#### What you will do:
Set down the final stretch of the data, from the line that holds "- Ergonomisches Arbeiten: Die" through the last line, both included, with pictures left out.

Input data section start

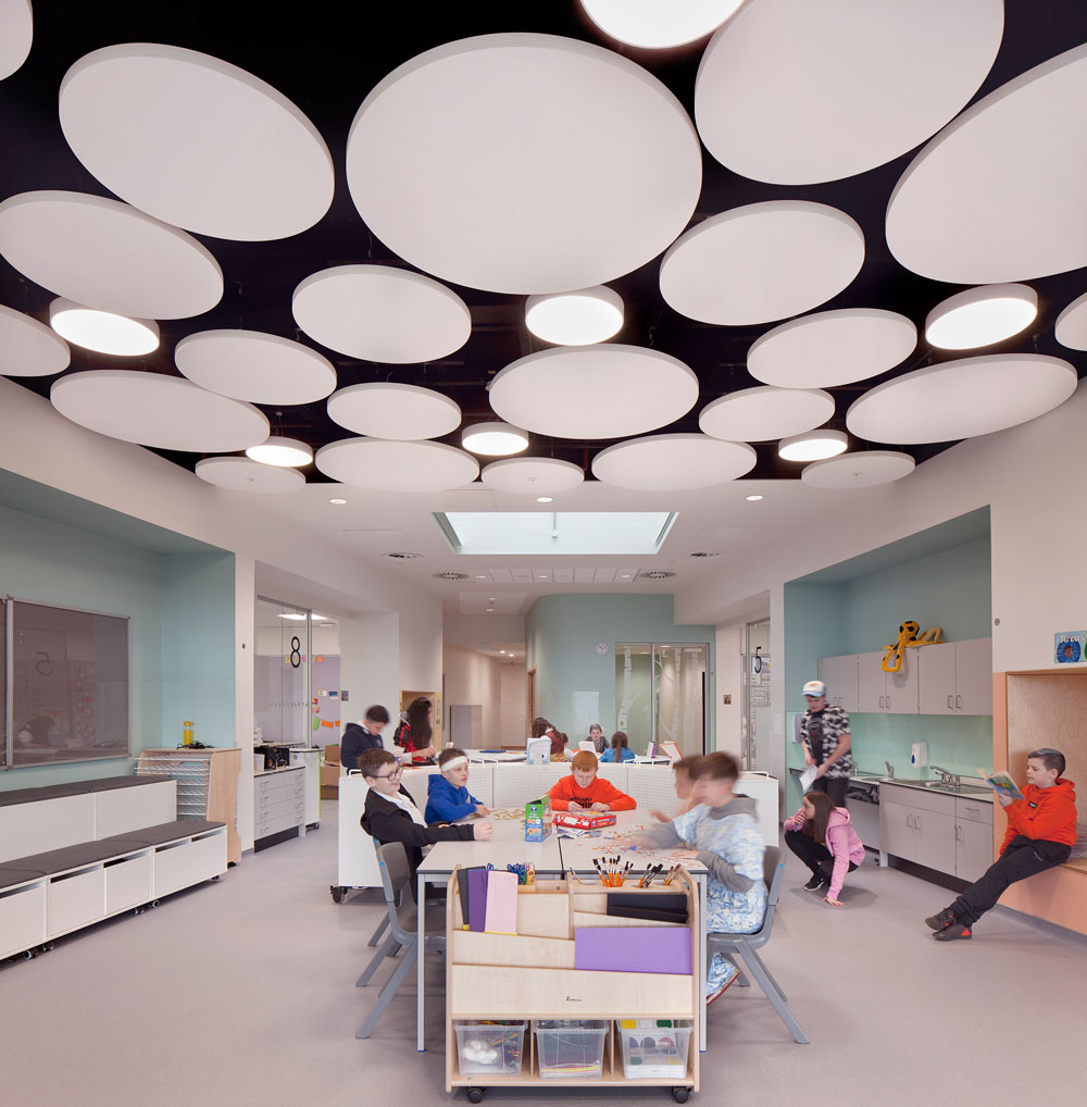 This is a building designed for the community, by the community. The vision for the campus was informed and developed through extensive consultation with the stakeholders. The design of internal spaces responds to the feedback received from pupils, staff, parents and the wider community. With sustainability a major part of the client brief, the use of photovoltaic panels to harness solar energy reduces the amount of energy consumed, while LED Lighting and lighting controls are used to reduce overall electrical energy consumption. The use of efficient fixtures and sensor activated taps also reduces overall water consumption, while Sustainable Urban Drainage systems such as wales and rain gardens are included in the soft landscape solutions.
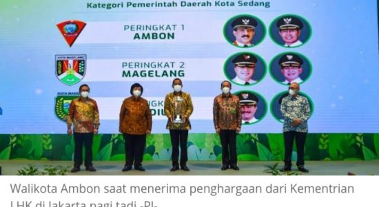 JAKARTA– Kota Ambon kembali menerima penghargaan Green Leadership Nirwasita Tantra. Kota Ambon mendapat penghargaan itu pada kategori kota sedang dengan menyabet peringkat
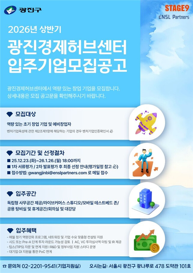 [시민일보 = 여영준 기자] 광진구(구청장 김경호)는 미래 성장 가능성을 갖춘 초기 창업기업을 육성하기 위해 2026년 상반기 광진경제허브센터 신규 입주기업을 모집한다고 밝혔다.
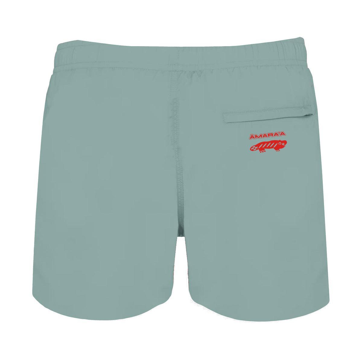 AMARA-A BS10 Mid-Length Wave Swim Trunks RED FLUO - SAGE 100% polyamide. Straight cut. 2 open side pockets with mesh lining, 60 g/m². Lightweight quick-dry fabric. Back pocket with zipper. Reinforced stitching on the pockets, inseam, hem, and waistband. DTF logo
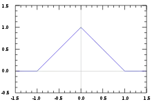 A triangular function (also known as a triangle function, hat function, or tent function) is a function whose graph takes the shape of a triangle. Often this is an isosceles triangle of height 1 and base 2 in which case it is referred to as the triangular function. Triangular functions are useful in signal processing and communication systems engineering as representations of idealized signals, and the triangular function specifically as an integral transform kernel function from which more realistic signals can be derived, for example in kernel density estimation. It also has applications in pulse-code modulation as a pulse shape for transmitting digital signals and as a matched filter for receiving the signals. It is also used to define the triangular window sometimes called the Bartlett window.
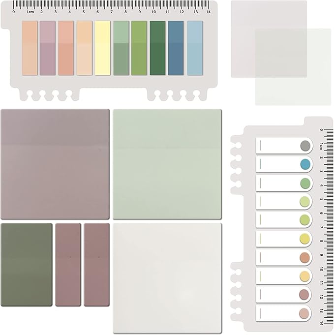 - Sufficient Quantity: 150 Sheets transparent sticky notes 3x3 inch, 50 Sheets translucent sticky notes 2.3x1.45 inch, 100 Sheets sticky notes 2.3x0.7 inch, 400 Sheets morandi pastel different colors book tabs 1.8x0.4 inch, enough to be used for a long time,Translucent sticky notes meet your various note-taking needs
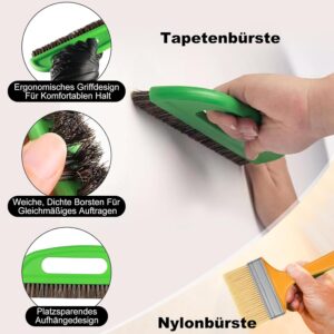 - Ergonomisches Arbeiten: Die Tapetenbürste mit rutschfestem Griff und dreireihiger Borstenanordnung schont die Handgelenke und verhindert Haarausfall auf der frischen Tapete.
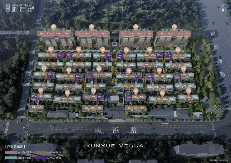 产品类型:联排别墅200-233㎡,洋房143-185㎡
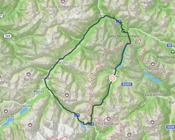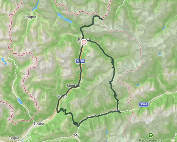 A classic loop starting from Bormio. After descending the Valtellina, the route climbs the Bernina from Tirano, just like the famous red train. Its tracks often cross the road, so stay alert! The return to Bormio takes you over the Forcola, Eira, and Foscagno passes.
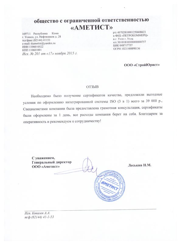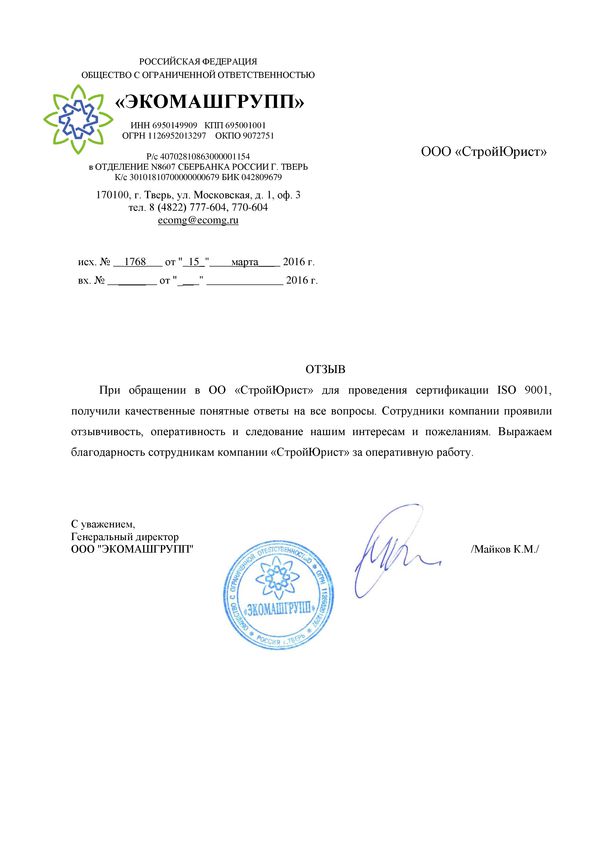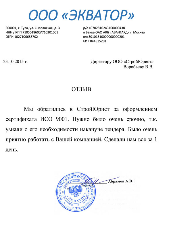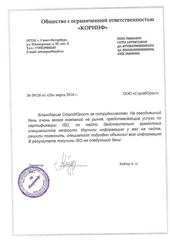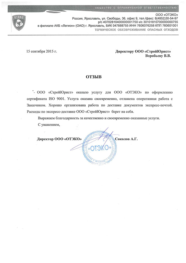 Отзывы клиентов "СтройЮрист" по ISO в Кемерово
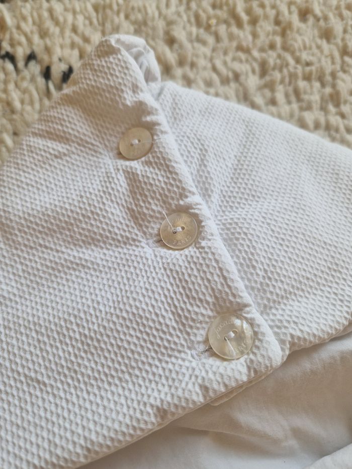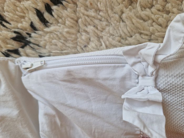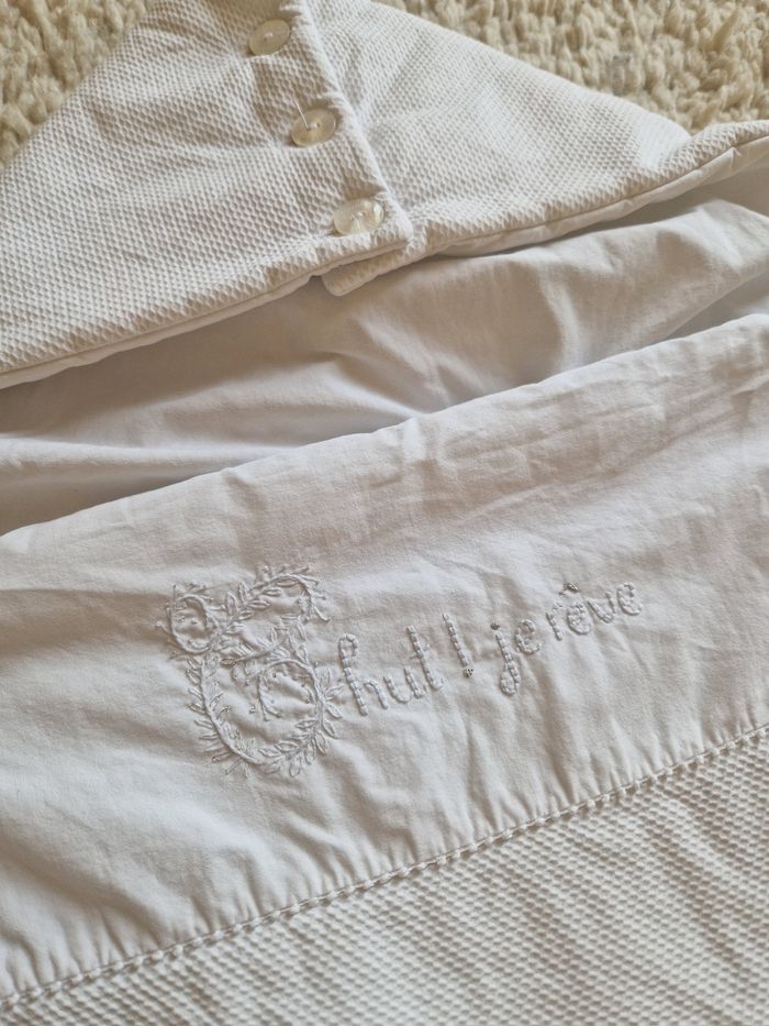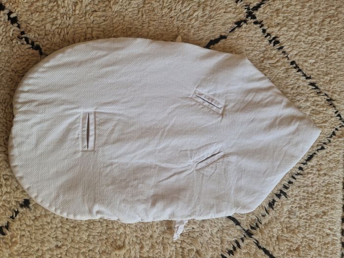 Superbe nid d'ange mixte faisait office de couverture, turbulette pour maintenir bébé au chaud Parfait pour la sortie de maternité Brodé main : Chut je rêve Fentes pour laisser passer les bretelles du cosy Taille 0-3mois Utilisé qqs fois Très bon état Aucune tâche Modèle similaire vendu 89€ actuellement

Input data section end

#### Response to the exercise:
 - Ergonomisches Arbeiten: Die Tapetenbürste mit rutschfestem Griff und dreireihiger Borstenanordnung schont die Handgelenke und verhindert Haarausfall auf der frischen Tapete.
 产品类型:联排别墅200-233㎡,洋房143-185㎡
 A classic loop starting from Bormio. After descending the Valtellina, the route climbs the Bernina from Tirano, just like the famous red train. Its tracks often cross the road, so stay alert! The return to Bormio takes you over the Forcola, Eira, and Foscagno passes.
 Отзывы клиентов "СтройЮрист" по ISO в Кемерово
 Superbe nid d'ange mixte faisait office de couverture, turbulette pour maintenir bébé au chaud Parfait pour la sortie de maternité Brodé main : Chut je rêve Fentes pour laisser passer les bretelles du cosy Taille 0-3mois Utilisé qqs fois Très bon état Aucune tâche Modèle similaire vendu 89€ actuellement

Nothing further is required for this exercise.